We decided to go straight for IVF as I wanted to have the best chances as quickly as possible. We had to pay out of pocket (and I'm in NJ), and I guess I just wanted to get the ball rolling, and I was afraid it would take a while.

Regardless of my story, you need to talk it out with DH and figure out what is best for you guys. Unfortunatly, there are no right or wrong answers. Good luck!

K said...

Tough call! I agree about the HSG, you may have a slightly better chance au natural for a few months. (I got pg after one, but mc'd.)

On the other hand, having experienced a double ectopic where one tube ruptured (the pg in the other tube was found when I was in surgery for the rupture), a 25% chance scares the hell out of me.

If I had a third hand, IVF doesn't mean you can't have an ectopic but the odss are much less.

I think I'd do the IVF. We did last year ans have Max now. Best of luck whichever you decide to do.

Thalia said...

It's always worth trying on months you aren't cycling, so time to get that fertility monitor working. But IVF does improve your chances massively - from say 10% to 30% on one cycle, so that's worth a go, in my book.

nancy said...

I wish I could tell you what to do. Due to trying for 5 years and nothing yet, I probably WOULD go for a monitored cycle. Even that IUI~ one where they go directly INTO the open tube to lay the boy juice).

So, you were told both were blocked and then they found one open now? Was the initial one wrong or was there some type of surgery or something? And why the 25% ectopic stat? I know having a damaged tube comes to that, but did they say the open was damaged? (sorry to barrage you with questions - I had a blocked tube also)

Michael Evans said...

I wrote ten different comments and deleted them all.
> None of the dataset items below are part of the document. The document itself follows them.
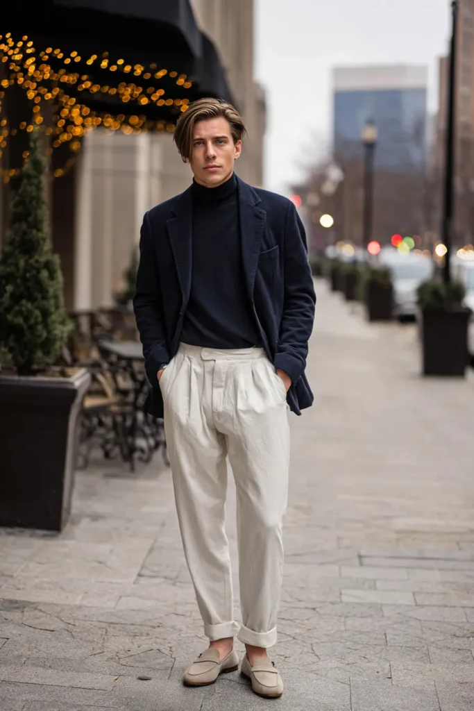 This look is pure sophistication with a deep navy blue blazer worn over a matching turtleneck sweater. The jacket has a lovely soft texture that contrasts perfectly with the crisp white pleated trousers. Those pants have a relaxed fit and are rolled up at the hem to highlight a pair of classic beige suede loafers. The whole ensemble channels a relaxed European vibe that feels timeless and fresh at the same time.
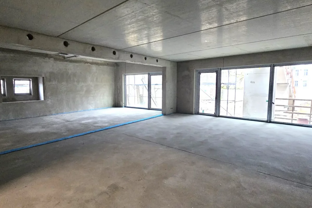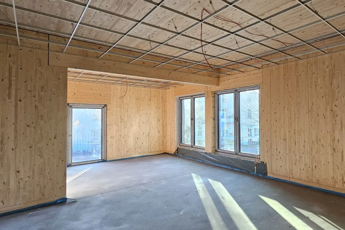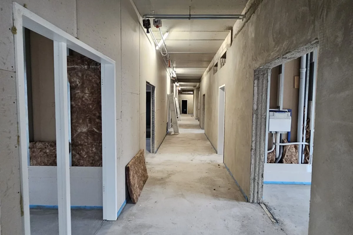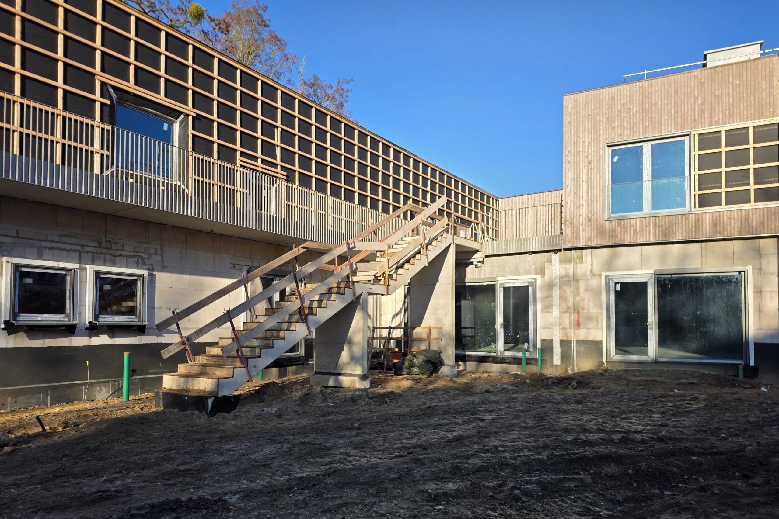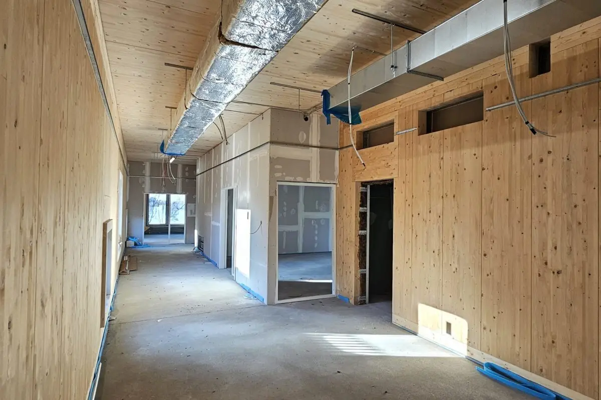 Die Tiefbauarbeiten begannen im Februar 2025. Im Juli 2025 wurden die Erdgeschoss-Massivbauarbeiten beendet, die Holztafel-Montagearbeiten im Obergeschoss Mitte August 2025.
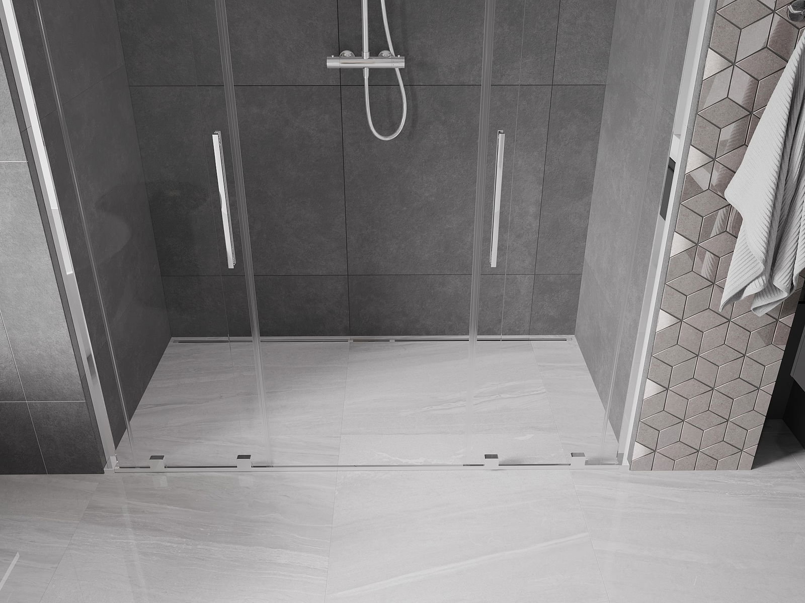 Η πρακτική και άνετη λαβή είναι κατασκευασμένη από ανοξείδωτο ατσάλι. Ο μοντέρνος σχεδιασμός σε συνδυασμό με το φινίρισμα που ταιριάζει με το χρώμα των προφίλ προσδίδει συνολικά μια σύγχρονη και στυλάτη εμφάνιση, υπογραμμίζοντας την αισθητική κάθε μπάνιου.
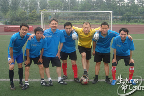 下午18:30,生命学院队和信息网络中心队在小组赛中相遇。随着一声哨响,比赛正式开始。绿茵场上双方队员相互试探,慢慢调动体力,围绕球门巧妙配合,展开了一场斗智斗勇的激烈比赛。双方的进攻和防守都完成得很好,比分一直停留在0:0。略显平静的比赛终于在上半场的十五分钟打破僵局,生命学院的单连海老师依靠积极的拼抢在前场得球,紧接着右脚劲射首开记录。这一进球瞬间点燃了在场观看比赛观众的热情,也更加鼓动了生命学院队的士气。短短几分钟后,生命学院的崔健老师伺机而动,抓住对方后卫失误,再进一球,扩大了生命学院队的优势。随后双方队员你来我抢,多次精彩的配合都威胁着对方的球门,但始终没能继续进球,2:0的比分也保持到上半场结束。在中场休息时段,生命学院的啦啦队上场表演了时尚动感的健美舞蹈,给赛场增添了许多情趣,同时也为双方队员鼓劲加油!
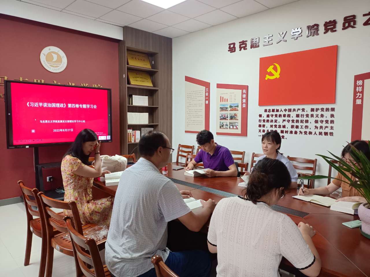8月27日午,五楼自拍 直属党支部理论学习中心组举行《习近平谈治国理政》第四卷专题学习会。院党支部书记宋之霞主持学习会。
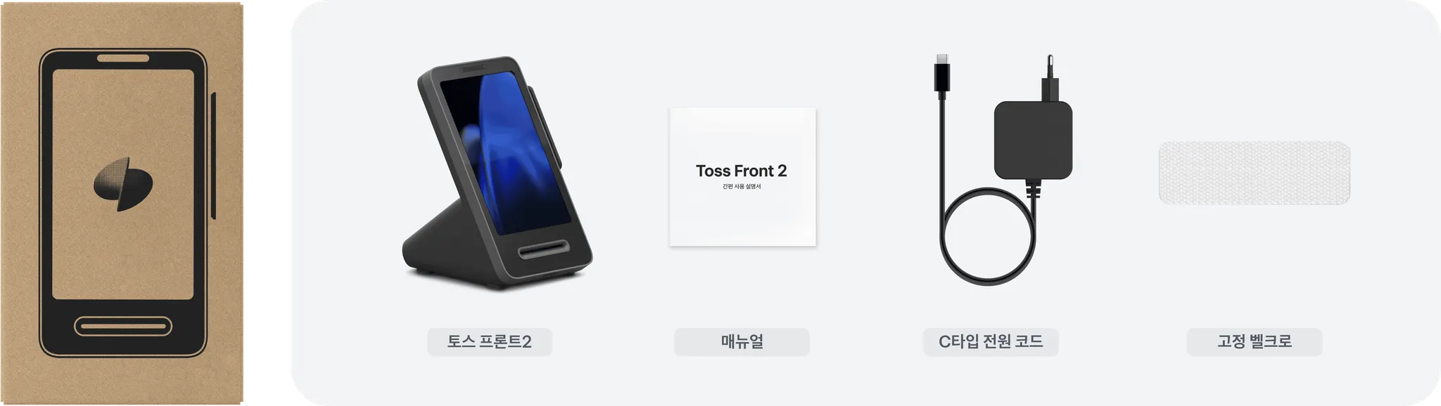토스 프론트2: 제품(프론트2), C타입 전원코드, 고정 밸크로, 간단 설명서, 윈도우 PC 연결용 케이블(일부 패키지)
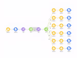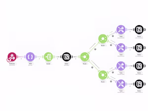 Connected tools (e.g., Notion, Google Docs, Relevance AI) integrated with custom logic such as create/update conditions, filters, or data routing paths.
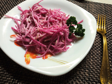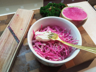 Салат из сочной, разноцветной редьки со сметаной, такой яркий и красочный, что даже жалко было его есть.
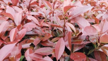 红叶石楠观赏性体现在新梢嫩叶上,而这个部位也属于蚜虫刺吸危害严重的部位。红叶石楠早春芽萌动早,因气温低,所以蚜虫尚不活跃,在新梢部位虫量较小。随着气温逐渐升高,蚜虫开始密集危害,常导致红叶石楠新梢嫩叶严重扭曲变形,产生大量蜜露,叶面油光发亮(图2-228),失去观赏价值。
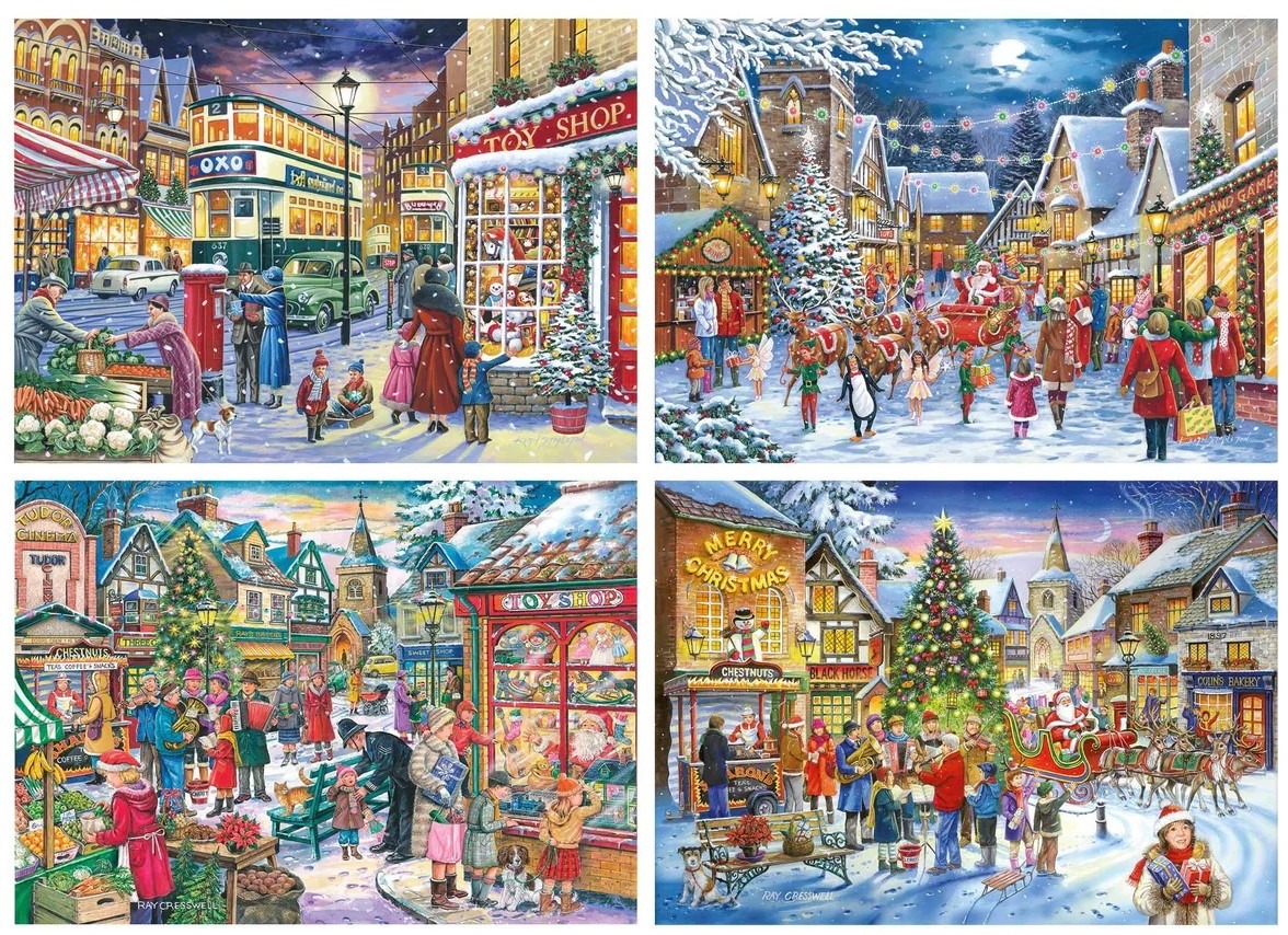 In deze doos zitten 4 puzzels van 500 Stukjes:
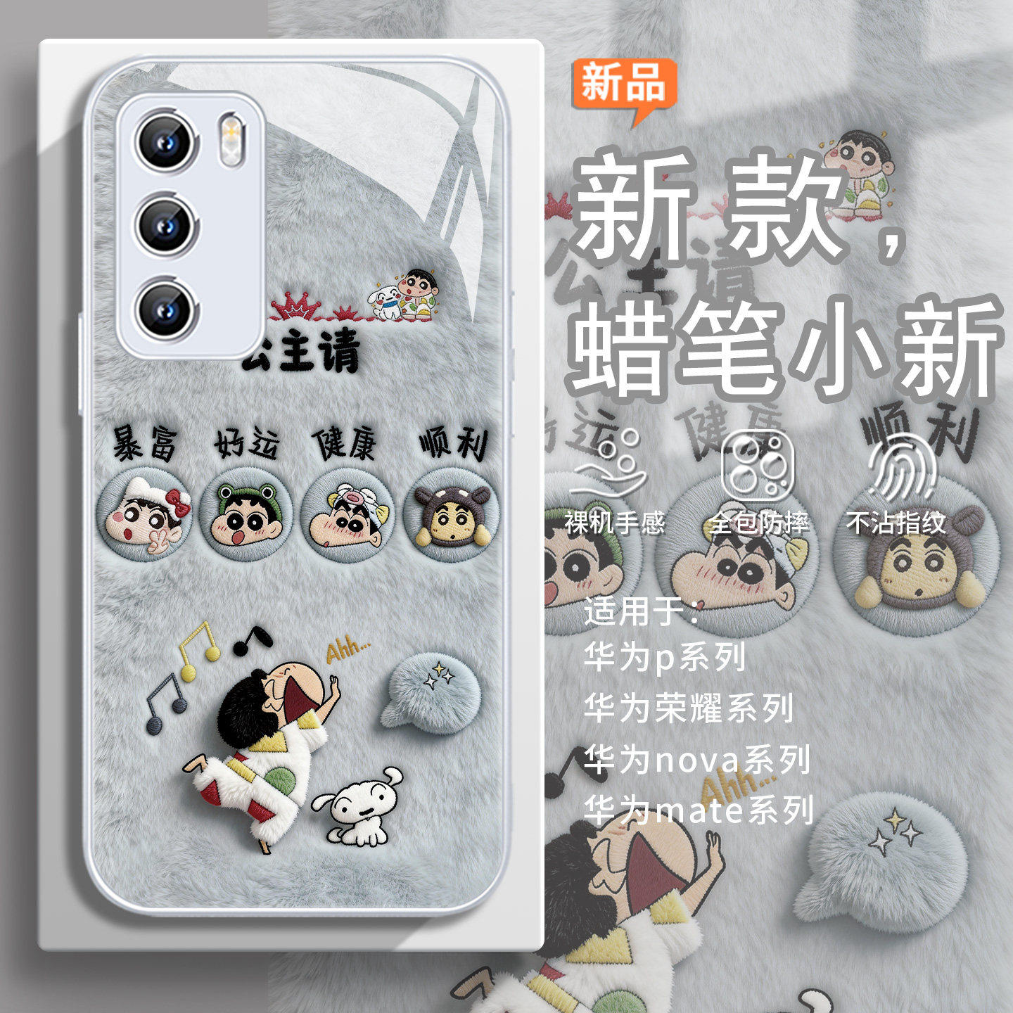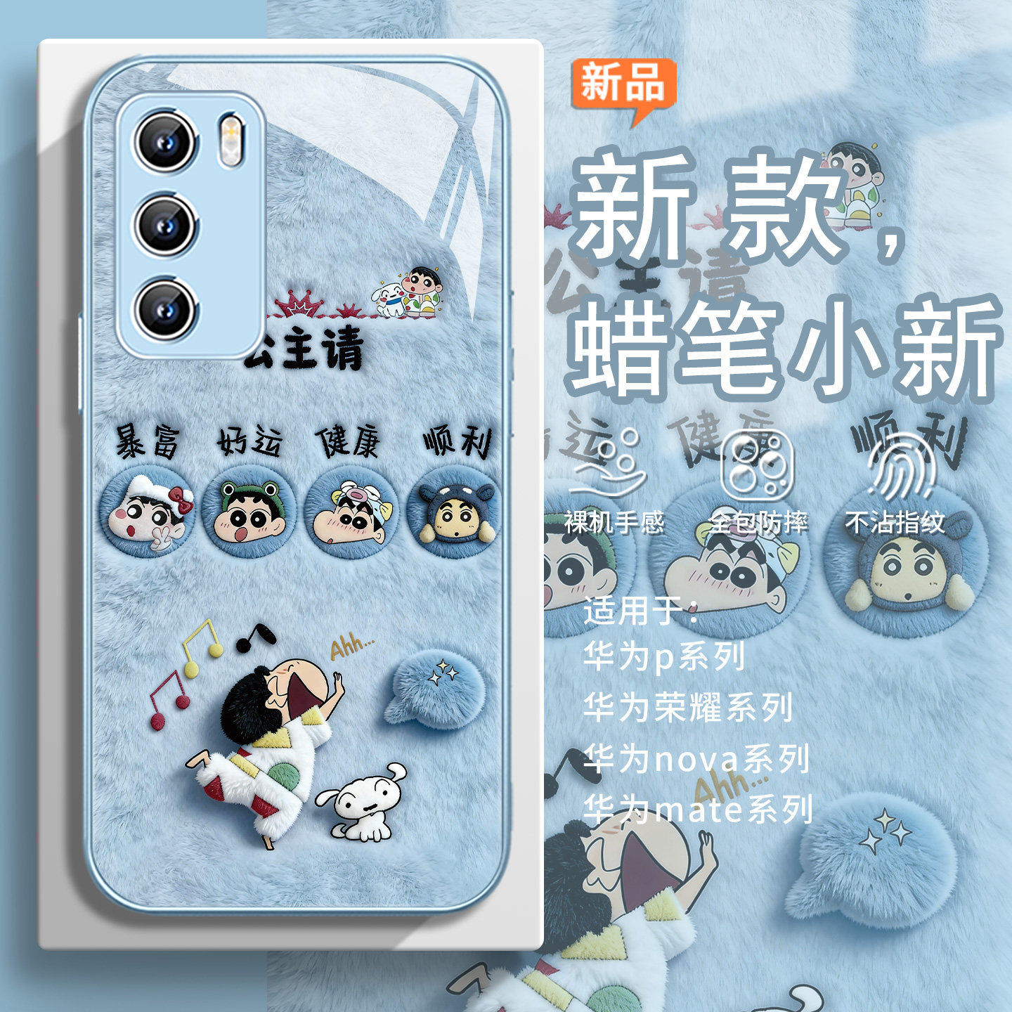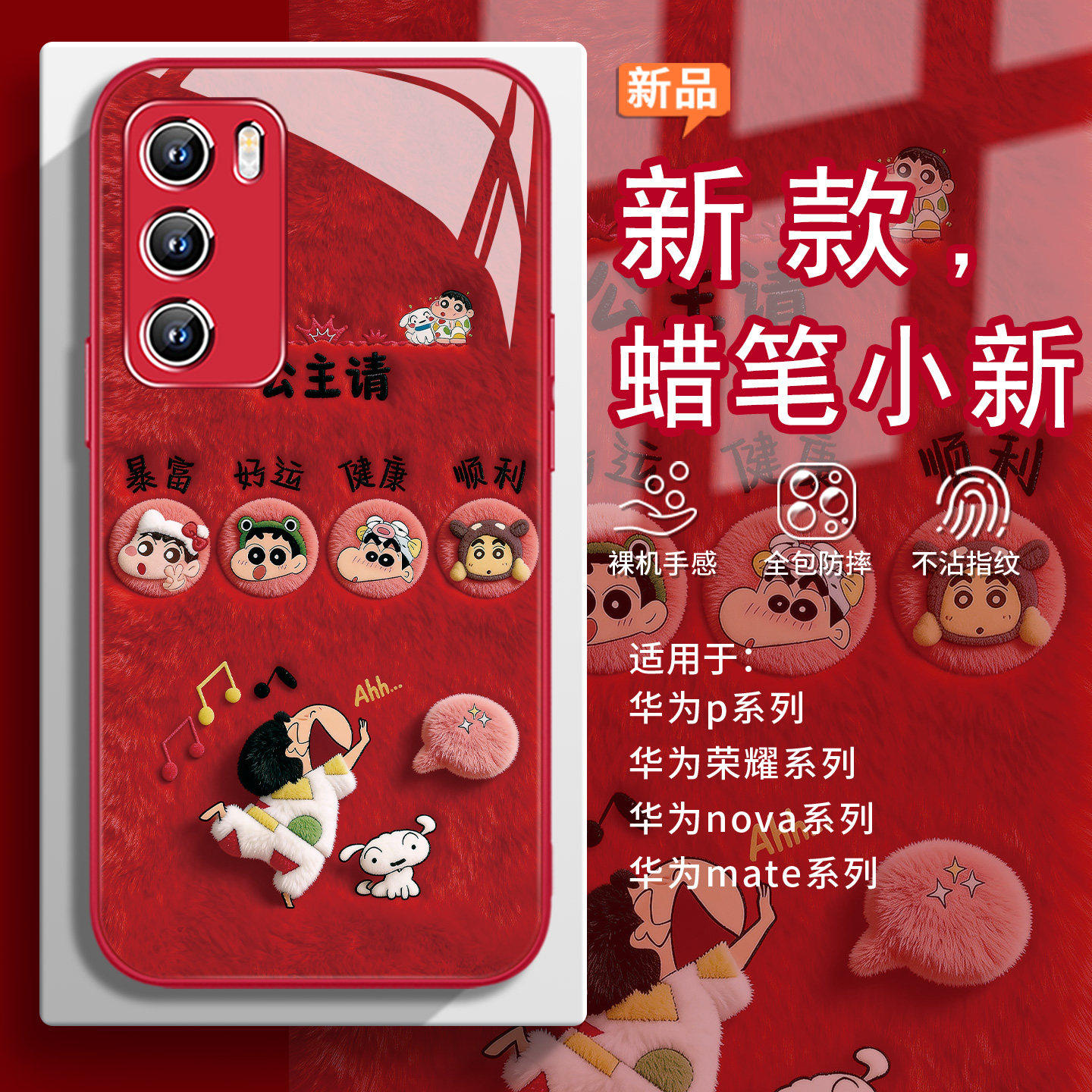 📚 适用蜡笔小新华为mate80手机保护壳荣耀magic8pro可爱nova15ultra毛绒pura70秋冬500/400粉色x70毛茸茸p60卡
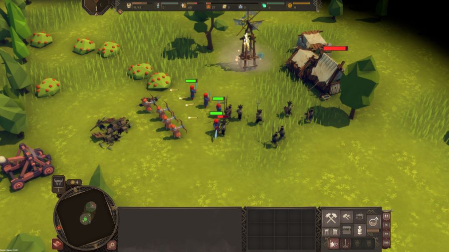Come ogni strategico in tempo reale che si rispetti, dobbiamo agire velocemente. Sulle prime battute bisogna procacciare le risorse primarie: cibo e legno. Poi occorre dedicarsi alla raccolta delle risorse secondarie: pietra e ferro, che permettono di arrivare a tecnologie e difese più efficaci, quali armature metalliche, armi migliori, fortificazioni in pietra.
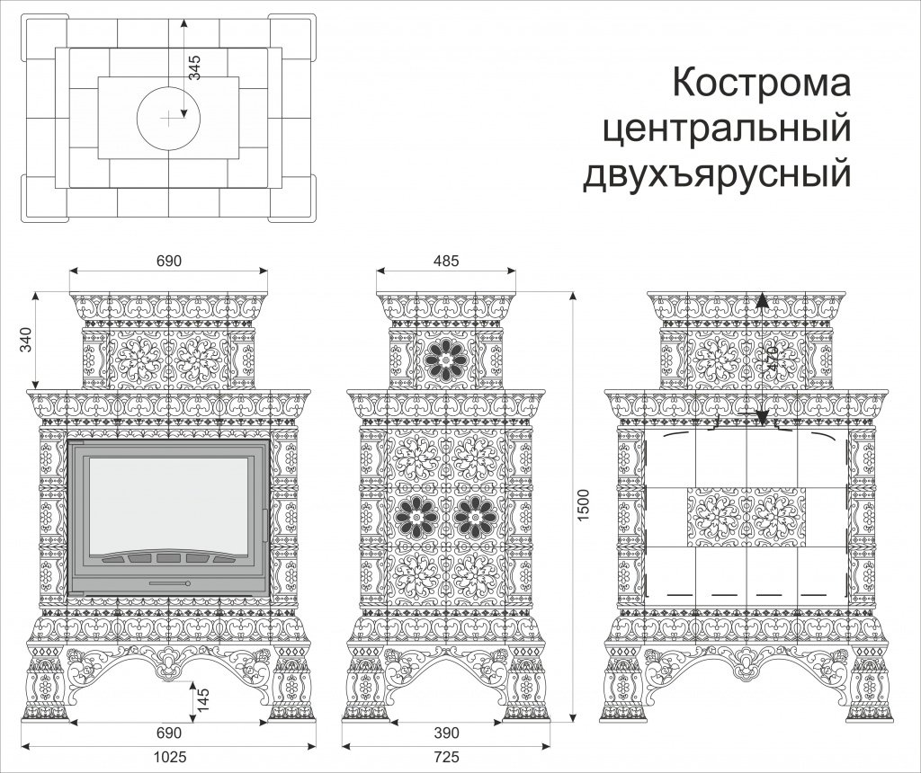 Инструкции, чертежи, документы - Облицовка камина КимрПечь Кострома центральный-двухъярусный для топок 600

It is a tough decision and we wish you the best of luck no matter what you choose. Those age charts are scary, but talk to your doctor because it is not like your odds will drop off when the clock strikes 12 (at least I don't think it works that way).

cat said...

So frustrating to be presented with more than one option. Going with as many of them as you can. Stacking the deck if you will is what I would do.

In the end though... you do what you would do and nothing else. Well ok and what hubby will do too. I suppose he's got a say in all this. He he.

That age thing... darling... don't let it get you down. Yeah it's a factor but as frank n. beans says it's not a time bomb. Just an average.

You are way above the average. You always have been and you always will be. *hugs*

Eva said...

It sounds like you really want to try it au naturel one more time, so I vote for that, even though there are clearly risks involved. There are always risks involved.